Tailor3D: Customized 3D Assets Editing and Generation with Dual-Side Images

Recent advances in 3D AIGC have shown promise in directly creating 3D objects from text and images, offering significant cost savings in animation and product design. However, detailed edit and customization of 3D assets remains a long-standing challenge. Specifically, 3D Generation methods lack the ability to follow finely detailed instructions as precisely as their 2D image creation counterparts. Imagine you can get a toy through 3D AIGC but with undesired accessories and dressing. To tackle this challenge, we propose a novel pipeline called Tailor3D, which swiftly creates customized 3D assets from editable dual-side images. We aim to emulate a tailor's ability to locally change objects or perform overall style transfer. Unlike creating 3D assets from multiple views, using dual-side images eliminates conflicts on overlapping areas that occur when editing individual views. Specifically, it begins by editing the front view, then generates the back view of the object through multi-view diffusion. Afterward, it proceeds to edit the back views. Finally, a Dual-sided LRM is proposed to seamlessly stitch together the front and back 3D features, akin to a tailor sewing together the front and back of a garment. The Dual-sided LRM rectifies imperfect consistencies between the front and back views, enhancing editing capabilities and reducing memory burdens while seamlessly integrating them into a unified 3D representation with the LoRA Triplane Transformer. Experimental results demonstrate Tailor3D's effectiveness across various 3D generation and editing tasks, including 3D generative fill and style transfer. It provides a user-friendly, efficient solution for editing 3D assets, with each editing step taking only seconds to complete.

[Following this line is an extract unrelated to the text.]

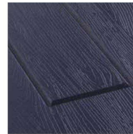
SAPPHIRE BLUE (RAL5011)
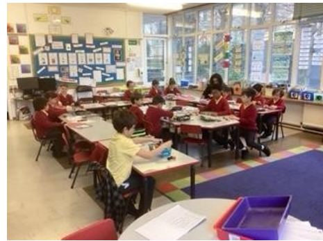
Year 2 used practical resources to support them when they were learning to do division by sharing.

翻译：三维AIGC领域的最新进展已展现出直接从文本和图像创建三维物体的潜力，为动画和产品设计领域带来了显著的成本节约。然而，对三维资产进行精细化编辑与定制化处理仍是长期存在的挑战。具体而言，当前的三维生成方法在遵循精细指令方面，尚无法达到二维图像生成技术同等的精确度。试想通过三维AIGC获得玩具模型时，可能附带不期望的配件与装饰。为应对这一挑战，我们提出名为Tailor3D的创新流程，能够通过可编辑的双面图像快速创建定制化三维资产。我们的目标是模拟裁缝局部修改物体或执行整体风格迁移的能力。与基于多视角图像创建三维资产不同，采用双面图像可消除编辑单视角时在重叠区域产生的冲突。具体流程为：首先编辑正面视图，随后通过多视角扩散生成物体背面视图，继而编辑背面视图。最后，我们提出双面LRM模型，将前后三维特征无缝缝合，其原理类似于裁缝缝合衣物的正反面。该双面LRM能够修正前后视图间的不完美一致性，在通过LoRA Triplane Transformer将其无缝整合为统一三维表征的同时，增强了编辑能力并减轻了内存负担。实验结果表明，Tailor3D在三维生成填充、风格迁移等多种三维生成与编辑任务中均表现优异。该系统为用户提供了友好高效的三维资产编辑方案，每个编辑步骤仅需数秒即可完成。